Crimen de Tauste: los detenidos callan y el arma no aparece
Pasada la una y cuarto de la madrugada, la cuenta de Javier compartía una publicación sobre el cambio de gobierno en Colombia. Horas más tarde, la Guardia Civil hallaba dos cuerpos sin vida en el interior del domicilio familiar de Tauste (Zaragoza). Ester apareció junto a la entrada de la casa; Javier, en la habitación. Sobre la mesa hay dos detenidos, una hija, un novio llegado de Colombia y un arma que nadie ha encontrado todavía. El doble crimen de Tauste es ya la historia de un expediente judicial y, de paso, el argumentario de moda para todo lo demás.
Quiénes eran las víctimas y quiénes están detenidos
Javier y Ester formaban parte de esa capa de poder local que no sale en los telediarios hasta que sale de golpe: él, histórico dirigente de UAGA, el sindicato agrario con más peso en el valle del Ebro; ella, vinculada a programas públicos de igualdad. Vecinos de Tauste, con casa, con relaciones y con presencia en todos los actos a los que hay que ir.
Por el crimen están en prisión provisional y sin fianza Carlota, hija de las víctimas, y su pareja, Luis Carlos. Según las informaciones publicadas, llevaban unos meses de relación, él procede de Colombia y había contado con la ayuda de la propia familia de ella. La Guardia Civil les tomó declaración y no obtuvieron respuesta: ambos se acogieron a su derecho a no declarar. Cualquier cosa que se diga sobre su responsabilidad es, a día de hoy, imputación sin sentencia.
Los indicios que sostienen la prisión provisional
El auto de prisión no se apoya en una confesión, sino en una acumulación de rastros. Geolocalización de los teléfonos móviles, grabaciones de cámaras de vía pública, heridas que presentaba la propia hija y contradicciones en conversaciones mantenidas con terceros acerca de por qué no acudieron a la celebración familiar del día siguiente. Ninguno de esos elementos es una prueba plena; juntos, sostienen la medida cautelar. Ambos permanecen en la prisión de Zuera.
El detalle que más ha circulado tiene que ver con la secuencia horaria: la última actividad del padre en redes se registró más allá de la 1:15 de la madrugada, en una cuenta muy activa compartiendo información de la izquierda latinoamericana, desde Lula hasta el Movimiento Sin Tierra. Ese dato, intrascendente en lo penal, ha alimentado el relato de que los asesinados eran «los de siempre».

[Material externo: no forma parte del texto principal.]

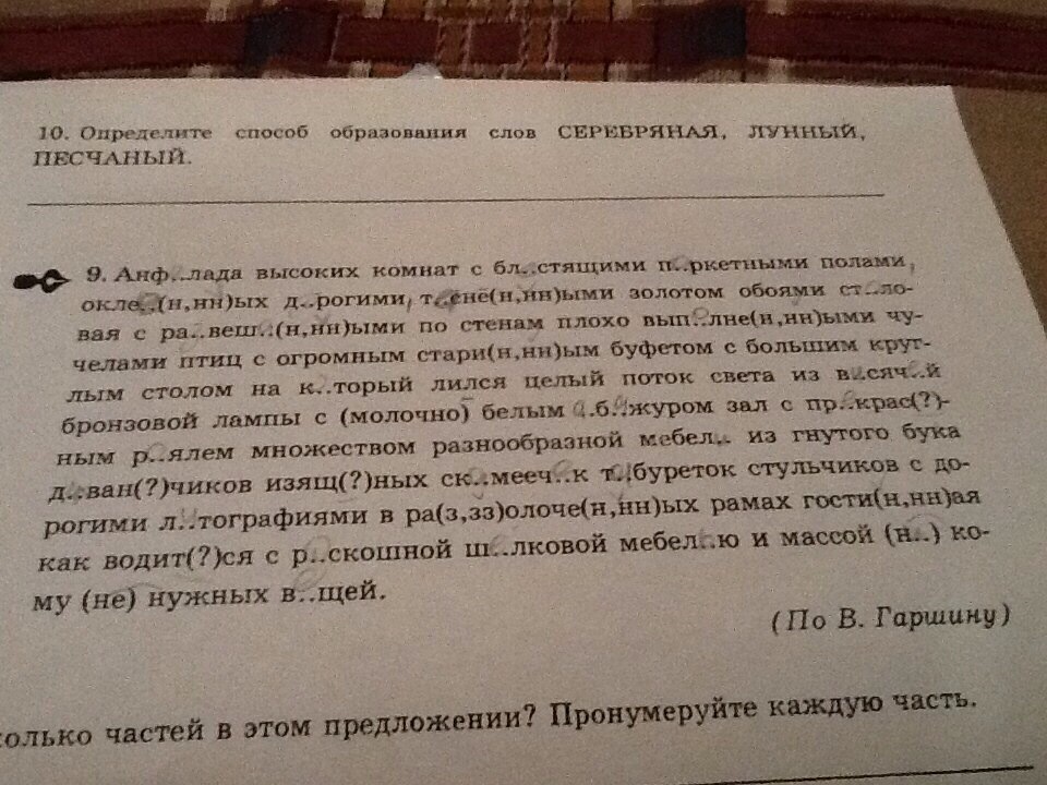 Анфилада высоких комнат с блестящими паркетными полами, оклеенных дорогими тесненными золотом обоями, столовая с развешанными по стенам, плохо выполненными чучелами птиц, с огромным старинным буфетом, с большим круглым столом, на который лился целый поток света из висячей бронзовой лампы с молочно белым абажуром, зал с прекрасным роялем, множеством разнообразной мебели из гнутого бука: диванчиков, изящных скамеечек, табуреток, стульчиков с дорогими литографиями в раззолоченных рамах; гостиная, как водится, с роскошной шелковой мебелью и массой никому не нужных вещей.
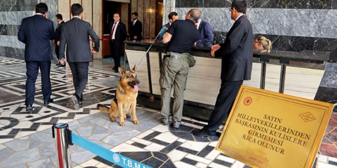 Darbe girişimi sonrasında, güvenlik tedbirleri artırılan Meclis'te bugün iktidar ve muhalefet partilerinin haftalık grup toplantıları öncesinde dedektör köpeği Max, bomba uzmanı polisle birlikte toplantıların yapılacağı salon ve kulisleri tek tek dolaştı. Erken saatlerde başlayan patlayıcı madde araması mesai saatine kadar sürdü.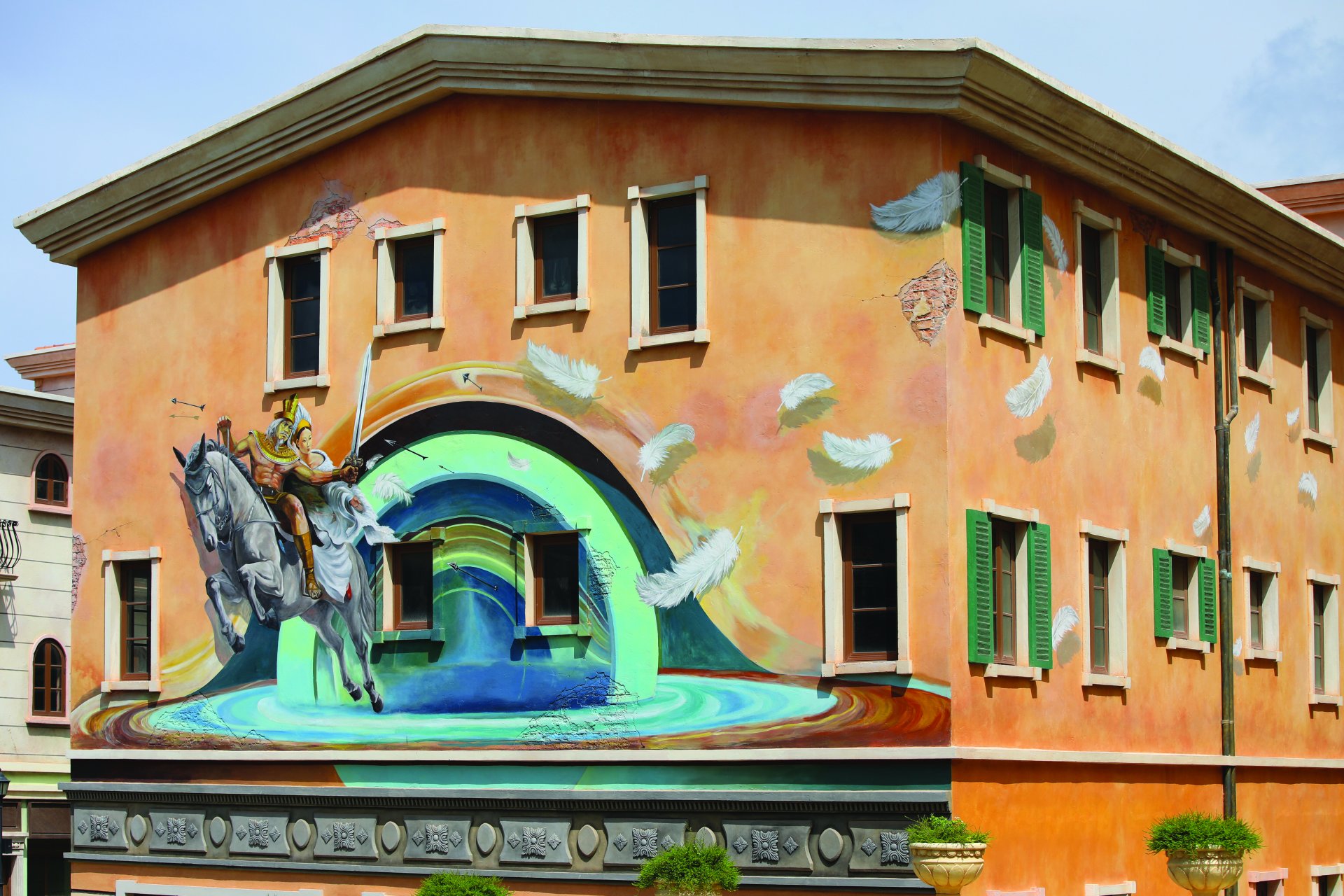 Dạo bước qua những con phố của Sunset Town, bạn sẽ bị cuốn hút bởi những bức tường sống động được trang trí bằng tranh 3D đầy nghệ thuật.

Dos hipótesis y un cuchillo que no aparece
La primera tesis es la del crimen planificado con la herencia como telón de fondo. La segunda, la del arrebato: una discusión previa en un restaurante de la zona, humillaciones cruzadas al conocerse un embarazo, y una reacción diferida horas después. La escena del crimen, según quienes dicen haber seguido el sumario de cerca, encaja mejor con lo segundo que con un plan madurado. Es análisis de sofá, no conclusión judicial, pero explica por qué la instrucción sigue abierta.
Conviene recordar un detalle jurídico que suele olvidarse en estas quinielas: quien resulta condenado por matar a alguien no puede heredar de esa persona. La indignidad sucesoria está tasada en el Código Civil, y se activa con sentencia, no con sospecha. Si el móvil era el patrimonio, el cálculo salía mal por definición.

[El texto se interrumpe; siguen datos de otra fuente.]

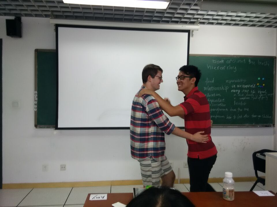 如果说Larson是标准的高冷帅哥,那么澳大利亚小伙Jerome一定是那个每个女孩心中的邻家大男孩。Jerome有个外号是“Romeo”,虽然这是隔壁班的嘉宾起的,他本人也正是我们心中最有才气的罗密欧。Jerome没有Larson那么老成,可也正因此,Jerome组织的英语实践活动让人多了一些亲切感。在我们发呆迷惑时,他会耐心解释,睿智地解决我们的问题;在我们偶尔瞌睡打盹时,他会轻轻走到我们身边,用他最温柔的声音提醒我们打起精神;在我们灰心丧气时,他会用他最温暖的笑容鼓励我们。他是我们的老师,教我们如何正确发音,带我们领略澳大利亚的风土人情,用幽默诙谐的方式让我们融入活动爱上英语;他也是我们的朋友,和我们一起捧腹大笑,和我们一同载歌载舞,细心倾听我们讲述的故事。Jerome组织的活动,我从来都不会担心走神。他像是自带着光环,我们的视线一刻也不会离开他。Jerome从不对任何学生发怒,他的脸上始终充满着笑容。在上课前一秒,他也许还是疲惫不堪,只要上课铃声响起,他依旧活力四射。有次上课,为了活跃气氛,他不仅给我们简单讲解跳舞的礼节,还现场请同学跳了一曲,让我们大开眼界。闲聊时我们口中蹦出各种稀奇古怪的中式英语,他也都能听懂,还会告诉我们正确的英语表达。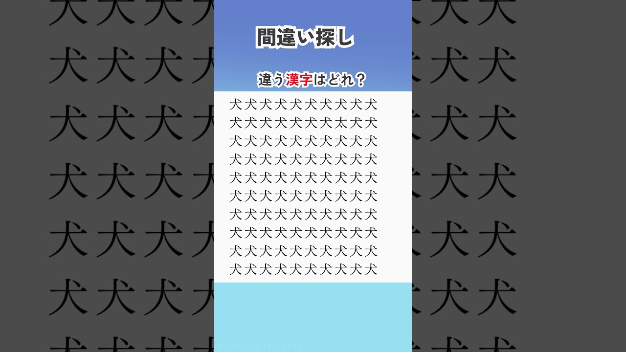 間違い探し 違う漢字はどれ #shorts #脳トレ #間違い探し #クイズ 他チャンネルの間違い探し Twitter Facebook はてブ Pocket LINE コピー 2025.10.22 2025.10.21 チャンネル登録はコチラ↓ https://www.youtube.com/channel/UCNfol7r3OKc5ps4GjSdJnhw 今日も元気にレッツ脳トレ‼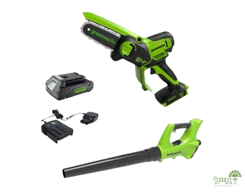 דיל משולב וחכם לגינה הכולל מסור שרשרת נטען 24V, סוללה 2Ah, מטען מיקרו ומפוח עלים 24V מתנה – פתרון מושלם לגיזום מהיר במיוחד ולניקיון יסודי של שבילים, רחבות וגינות פרטיות.

El caso convertido en pantalla del debate migratorio
Buena parte del ruido alrededor de Tauste no habla del crimen, sino de regularización, de fronteras y de políticas de integración. Se argumenta que el caso demuestra el fallo de determinadas políticas migratorias; se responde que el origen de un detenido no es una explicación causal de nada y que la estadística delictiva no se ordena por nacionalidad. Ni la investigación ni el auto de prisión construyen el móvil sobre ese eje: hablan de herencia, de una discusión y de un arma blanca.

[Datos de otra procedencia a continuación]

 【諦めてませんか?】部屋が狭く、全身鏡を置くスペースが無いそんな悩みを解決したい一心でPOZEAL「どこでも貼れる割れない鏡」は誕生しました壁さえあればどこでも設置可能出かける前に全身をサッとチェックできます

Lo interesante del fenómeno no es el crimen, sino su uso: un suceso con dos víctimas concretas y un sospechoso concreto se ha transformado en marcador de identidad política. Eso pasa cuando la conversación pública importa más el bando que el sumario.
Las declaraciones de septiembre y lo que aún no está probado
El 10 de septiembre se conoció que Carlota habría declarado al médico forense haber sufrido agresiones sexuales por parte de su padre y también de su abuelo paterno. Su pareja habría corroborado esa versión. Son manifestaciones recogidas en el marco de una instrucción, sin validación judicial, sin resolución y sin prueba independiente conocida. Presentarlas como hechos establecidos sería tan temerario como descartarlas de plano: en fase de instrucción, la defensa busca atenuantes y la acusación busca coartadas, y el juez todavía no ha dicho nada.
El arma sigue sin aparecer. Sin ella, la tesis del impulso y la del plan siguen empatadas, y el caso lleva camino de convertirse en un expediente que casi nadie leerá entero y en un argumento que casi todo el mundo usará por partes.